C.2.1 Document level

For each entity, you must specify the sentiment that the document as a whole conveys towards this entity. This sentiment should be the annotator’s impression of the document’s sentiment towards the entity after reading, which is not necessarily an aggregate of the sentiment analysis at sentence and entity level.

The sentiment "Neutral" is used for all entities that are only mentioned in the text, without the text conveying any further sentiment towards the entity.

C.2.2 Sentence level

In cases where you find sentences that are relevant for conveying sentiment towards the entity, without finding a target that represents the entity or is related to the entity, the entire sentence should be annotated with the sentiment that is conveyed.

C.2.3 Segment level

At segment level, we annotate sentiment targets. The sentiment must appear in the same sentence as where the target is located. If it does not, the sentiment-bearing sentence should be annotated at sentence level.

For each annotated sentiment, the relationship to the sentiment target must be specified.

-name_mention is used where the entity is fully or partially mentioned by name. The name corresponds to the name of the main entity in the document.

-anaphoric is used where the entity has an anaphoric representation in the sentence through coreference.

-is_member is used where someone or something in the text is part of the main entity.

-has_member is used where the main entity is part of a larger group and the sentiment expressed towards the larger entity affects the sentiment towards the main entity.

-created_by is used where some kind of product is created by the main entity.

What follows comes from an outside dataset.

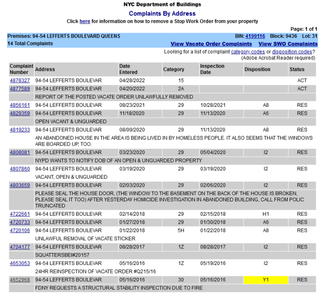 For all the talk about how “public safety is the prerequisite for prosperity” Mayor Adams has been doing nothing but drone sloganeering and talking points to get stuff done to bring down crime on the streets and in this case hold recidivist derelict property owners accountable as well, just like his abominable asshole predecessor de Blasio. Nobody is going to prosper with violent sociopaths roaming around and hiding in the shadows waiting to prey on the citizenry and the New Bad Days in New York City will continue to sow fear and ultimately more injury, physically and financially.

The word span that constitutes the sentiment target should be as short as possible, with the exception of proper names, where each part of the name that appears should be annotated together ("Barack Obama", not just "Barack" or just "Obama").

Where several possible sentiment targets appear in the relevant sentence, the following hierarchy is used to choose which relation to annotate:

1.

name_mention
2.

anaphoric
3.

-is_member, has_member or created_by
4.

Annotate at the sentence level

If conflicting sentiment is expressed towards the same entity in the same sentence, the first representation of the entity (following the hierarchy above) should be annotated with the sentiment conveyed by the sentence as a whole.